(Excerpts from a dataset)
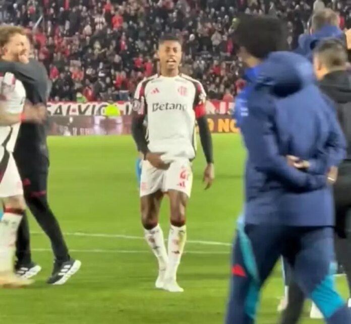 O camisa 27 do Flamengo virou alvo de processo disciplinar na Conmebol no dia seguinte à classificação no estádio Jorge Luis Hirschi, em La Plata. Em vídeos captados da beira do campo, o jogador, que entrou no segundo tempo da derrota por 1 a 0, aparece mostrando o dedo do meio e segurando as genitálias após a vitória na disputa de pênaltis.
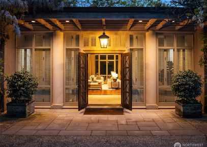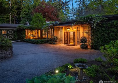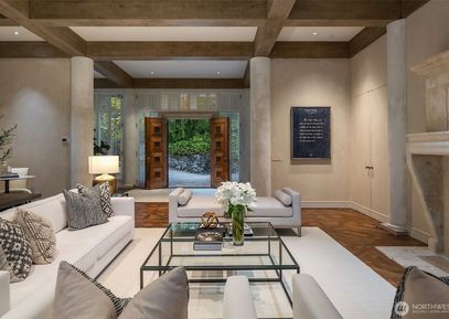 Rare architectural Estate on 3.67 acres. The Roland Terry masterpiece, built by Schultz Miller, is a Contemporary Villa of sophistication & scale. Timeless NW modernism w beamed ceilings, Venetian plaster walls, imported walnut doors & floor-to-ceiling windows create a sense of quiet grandeur. The grand kitchen/gathering room, perfect for everyday living w secondary kitchen. Dining room w hand-painted walls. Light-filled bedrooms w private terraces. Primary features fireplace, vast dressing room & dual baths. Paneled media... Listing Courtesy of Northwest MLS / COMPASS |
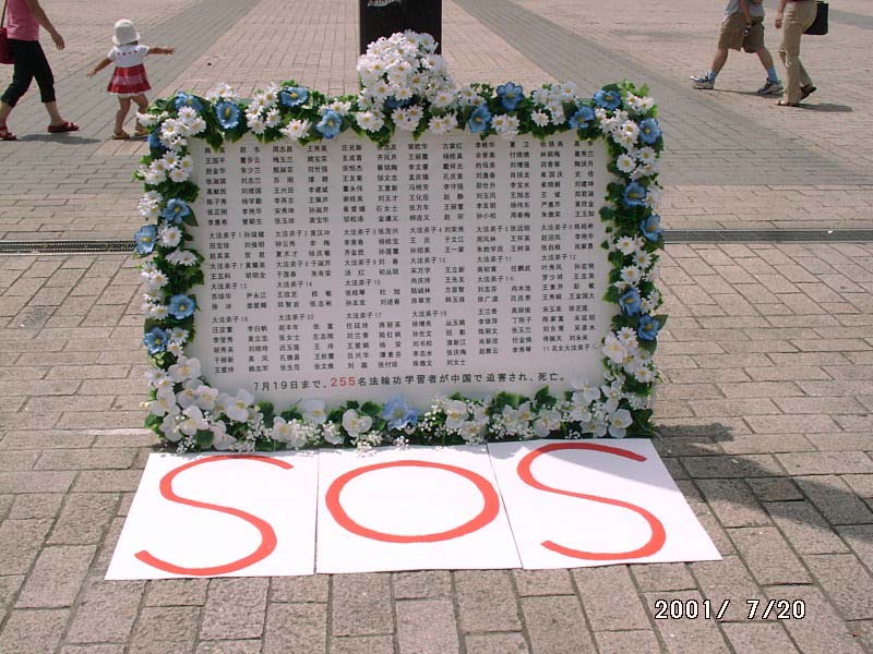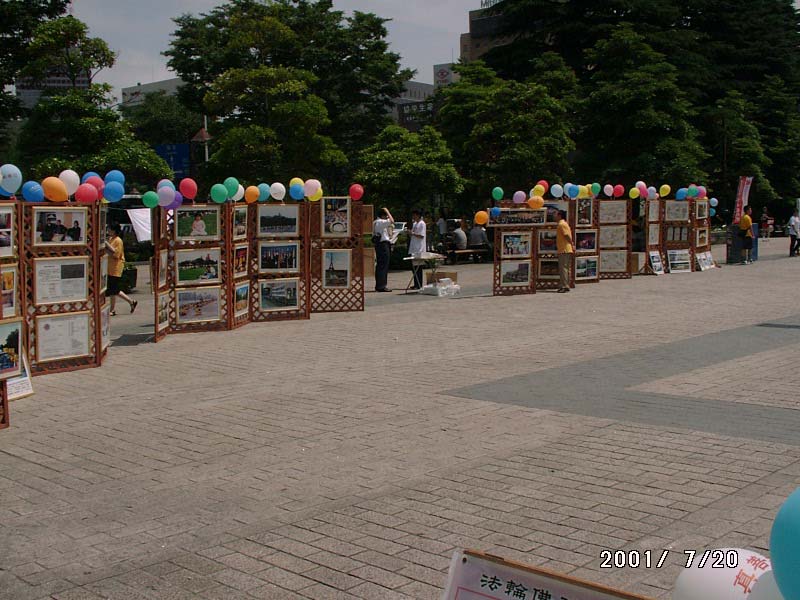 今天上午(7、20)来自日本东京、大阪、广岛、长野、新泻、山形等地约70多名学员聚集在日本东北重镇仙台市,举行了抗议江泽民集团暴行、SOS紧急救援国内受虐待学员的一系列活动。早上五点左右学员们就开始在仙台著名的市民广场布置法轮大法图片,准备在日本举行的第二期法轮大法正法之路图片展。学员们纷纷积极参与,在八点半左右把要展出的图片安排停当,摆放好日、英、中法轮大法真象报纸、法轮功学员人权遭侵害的真象录像带和印有“法轮大法”、“真善忍”和日本法轮大法网址的书签、扇子等纪念品。学员们边布置边向路人发放报纸及纪念品。不时有人驻足观看,有人在呼吁停止镇压虐杀的签名单上签了名。九点全体学员在广场齐发正念,默念“法正乾坤,邪恶全灭”,然后炼习了五套功法。中午十二点半左右开始陆续有<<每日新闻>>,<<读卖新闻>>,<<产经新闻>>及<<河北新报>>等一些著名的日文报纸的记者到场采访学员。学员们向他们介绍了开展今天活动的目的,即向日本东北地区的人民介绍法轮功,同时呼吁日本各界本着同情和善念紧急救援中国受虐待的法轮功学员。记者们还向学员们询问了诸如有关江泽民集团为什么迫害法轮功等有关问题。他们说今天的消息明日即见报。
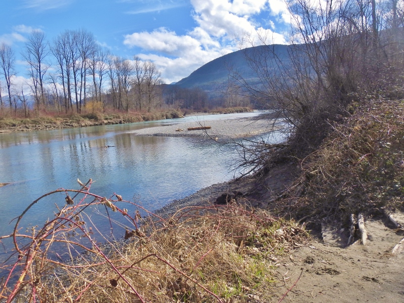 Yesterday I headed back to finally get moving again on the Vedder River Rotary Trail. I don’t know why they used such confusing signs in the bridge location. I had no problem following the trail until I got to the bridge. Well, I did have a little problem when I got to the huge pile of dirt, with nothing to say where to go next. This trail is 20+ km long, but I haven’t seen an exact distance for it – just 20+. I passed the 10, 11 & 13 km signs on this walk and then I passed them again on the way back to my car.
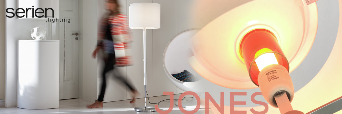 JONES - multiple Lichtfunktionen. Verstellen Sie Jones und Sie verstellen das Licht. Über zwei Knöpfe am Standrohr kann die Leuchte geregelt werden. Verschieben Sie das Rohr leicht nach oben, wird JONES zum Deckenfluter. Verschieben Sie es nach unten wird das Licht seitlich nach unten abgegeben und JONES wird zur Leseleuchte. In der mittleren Position wird das Licht durch den Schirm diffus und farbig abgegeben. Mischpositionen sind natürlich möglich! Die Standleuchte JONES mit einem orangefarbenem, gelbem und blauem Glas geliefert, welche problemlos auswechselbar sind. JONES macht sich hervorragend in Wonzimmern, Schlafzimmer und Büros. Entscheiden Sie welche JONES Ihnen am besten gefällt: JONES oder JONES MASTER und bestellen Sie Ihre Serien.Lighting Standleuchte bei Leuchtenland.com.

- _ACTION ITEM_: Beginning at the line that holds "Yesterday I headed" and ending with the last line of the entries, please set down each line exactly, leaving every picture out.

- _EXERCISE SOLUTION_:
 Yesterday I headed back to finally get moving again on the Vedder River Rotary Trail. I don’t know why they used such confusing signs in the bridge location. I had no problem following the trail until I got to the bridge. Well, I did have a little problem when I got to the huge pile of dirt, with nothing to say where to go next. This trail is 20+ km long, but I haven’t seen an exact distance for it – just 20+. I passed the 10, 11 & 13 km signs on this walk and then I passed them again on the way back to my car.
 JONES - multiple Lichtfunktionen. Verstellen Sie Jones und Sie verstellen das Licht. Über zwei Knöpfe am Standrohr kann die Leuchte geregelt werden. Verschieben Sie das Rohr leicht nach oben, wird JONES zum Deckenfluter. Verschieben Sie es nach unten wird das Licht seitlich nach unten abgegeben und JONES wird zur Leseleuchte. In der mittleren Position wird das Licht durch den Schirm diffus und farbig abgegeben. Mischpositionen sind natürlich möglich! Die Standleuchte JONES mit einem orangefarbenem, gelbem und blauem Glas geliefert, welche problemlos auswechselbar sind. JONES macht sich hervorragend in Wonzimmern, Schlafzimmer und Büros. Entscheiden Sie welche JONES Ihnen am besten gefällt: JONES oder JONES MASTER und bestellen Sie Ihre Serien.Lighting Standleuchte bei Leuchtenland.com.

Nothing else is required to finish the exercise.